Sure, “happy end” and “Nagisa Ni Te” were decent singles off of yamane, but they don’t match the immediate appeal of “Saraba Sekai Kunshu” or “Goblin” or “Hooi” (listed simply as an arrow pointing north).
“dorama” (i.e. “drama”) possesses a playfulness, while “real/melodic” harkens back to the energy of the band’s first indie albums.
While yamane was a beautiful exploration of the band’s darker side, Kooya ni Okeru bloodthirsty butchers finds the trio kicking it out the way the always have. Coupled with some real studio finese, this album is perhaps the butchers’ most upfront and spirited performance.

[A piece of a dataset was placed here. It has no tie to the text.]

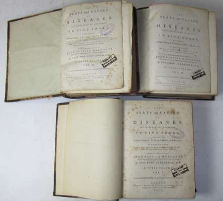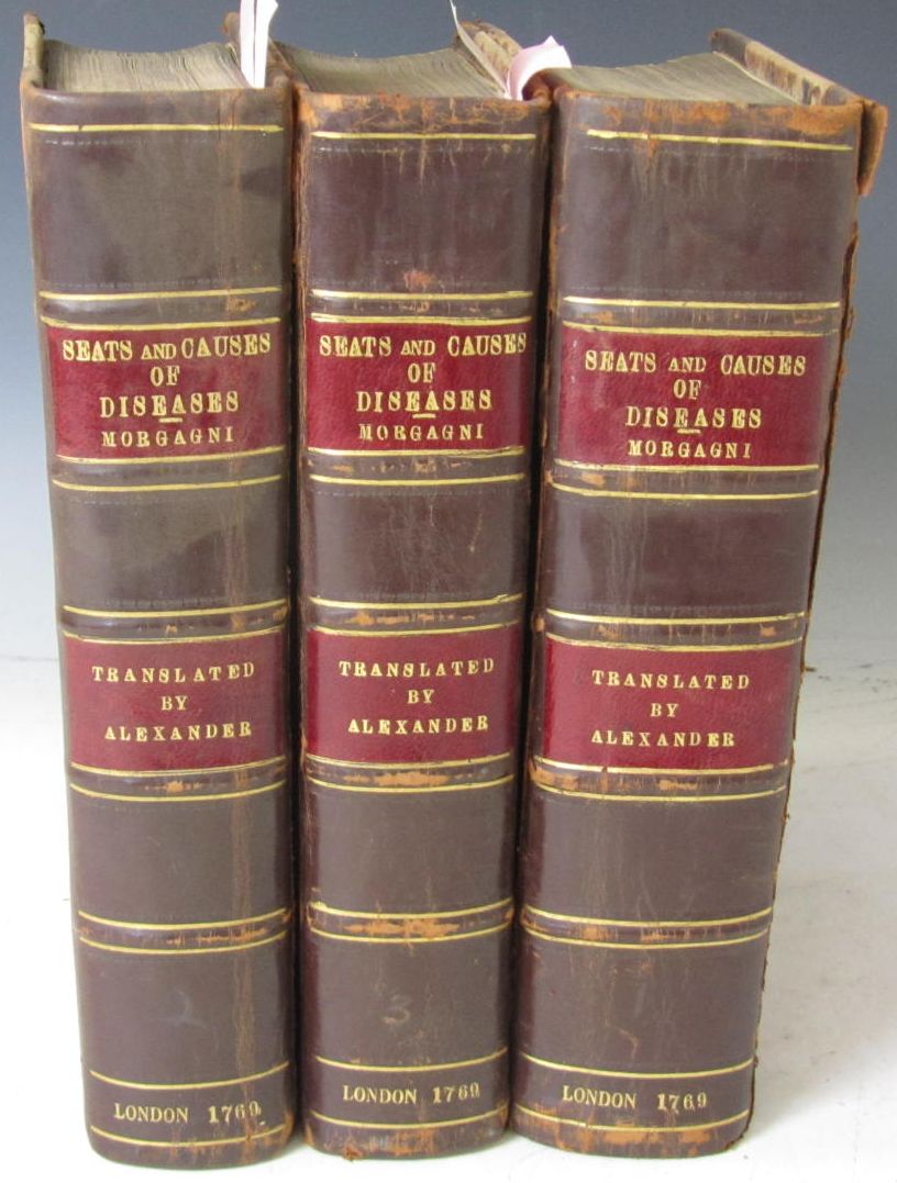 The seats and causes of diseases investigated by anatomy. London: A. Millar, T. Cadell &c., 1769. First English edition, 3 volumes, 4to, translated by Benjamin Alexander, twentieth century half calf, red morocco lettering pieces, some spotting, chiefly to preliminary leaves, library stamps, joints of volume 3 split, with initial blank leaf in volume 3, volume 1-2 lacking initial blank leaf, two preliminary leaves of volume 2 nearly detached

There’s a lot that’s familiar on the album. Yoshimura Hideki’s guitar playing never quite locks into the beat, and Komatsu Masahiro isn’t exactly a human metronome.
But it’s that messiness which gives the bloodthirsty butchers its indie charm. Punk has never been about technical precision.
The band reigns in the momentum of the album on the final two tracks of the album, “Acacia” and “Jigoku no Locker”, by slowing down the tempo and concluding as beautifully as they did the last time around.
Still, Kooya ni Okeru bloodthirsty butchers is light years away from the lo-fi punk ambitions of the band’s earliest work 15 years ago. The butchers are still writing the same kind of off-key indie rock as before, but they’ve refined it and made it clearer.
In short, this is bloodthirsty butchers at its finest.